O trabalho já realizado contou com vistoria in loco e vai recuperar de forma precisa os limites de toda a área pertencente à União. A cota acima do espelho d’água, destinada às cheias do reservatório de Chapéu d’Uvas, com 746 metros, conforme consta da certidão de registro do imóvel, integra área desapropriada junto a 150 proprietários rurais que foram indenizados.
A informação da SPU-MG foi encaminhada ao diretor-presidente da Cesama, Júlio César Teixeira, no último dia 15 de setembro por meio de ofício assinado pelo superintendente do órgão, Frank Alves Nunes.
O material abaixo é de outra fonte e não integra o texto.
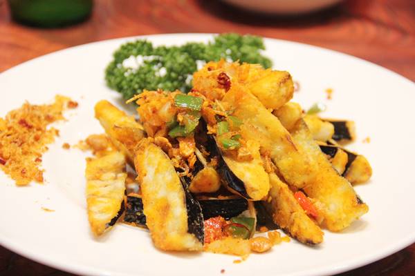 茄子をカリッと揚げた料理。こちら確か上海料理の一つ。表面はカリカリ中はトロっとした茄子がおいしい一品でした。

O documento é uma resposta ao pedido da Cesama para deixar a operação e manutenção da barragem de Chapéu d’Uvas, conforme revelado por O Pharol.
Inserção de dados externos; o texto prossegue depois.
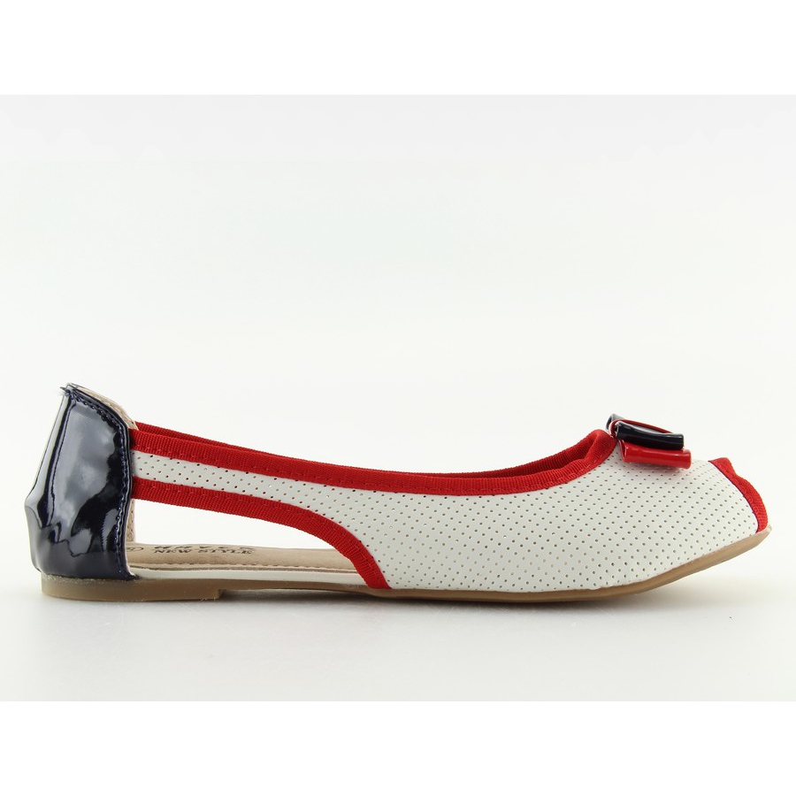 Detaljer: Vita ballerinor med öppen tå D314 röd

A SPU-MG alega não possuir “competência legal de operar ou manter equipamentos de barragens lacustres” e revela ter contatado o Ministério do Desenvolvimento Regional, por meio de sua Secretaria de Segurança Hídrica, para solicitar colaboração na busca de uma boa solução para essa questão. Na sua decisão de deixar a operação da barragem, a Cesama alegou ser empresa municipal e a área abrange outras localidades.
Por fim, o órgão da União solicita à Cesama reconsideração da decisão, com o compromisso de “empreender com a máxima celeridade possível a cessão gratuita da área única e especificamente onde se situam os equipamentos/benfeitorias da barragem”. E alerta que uma eventual saída da companhia implicaria “em grande insegurança para a vida e a propriedade de toda a população de Juiz de Fora”.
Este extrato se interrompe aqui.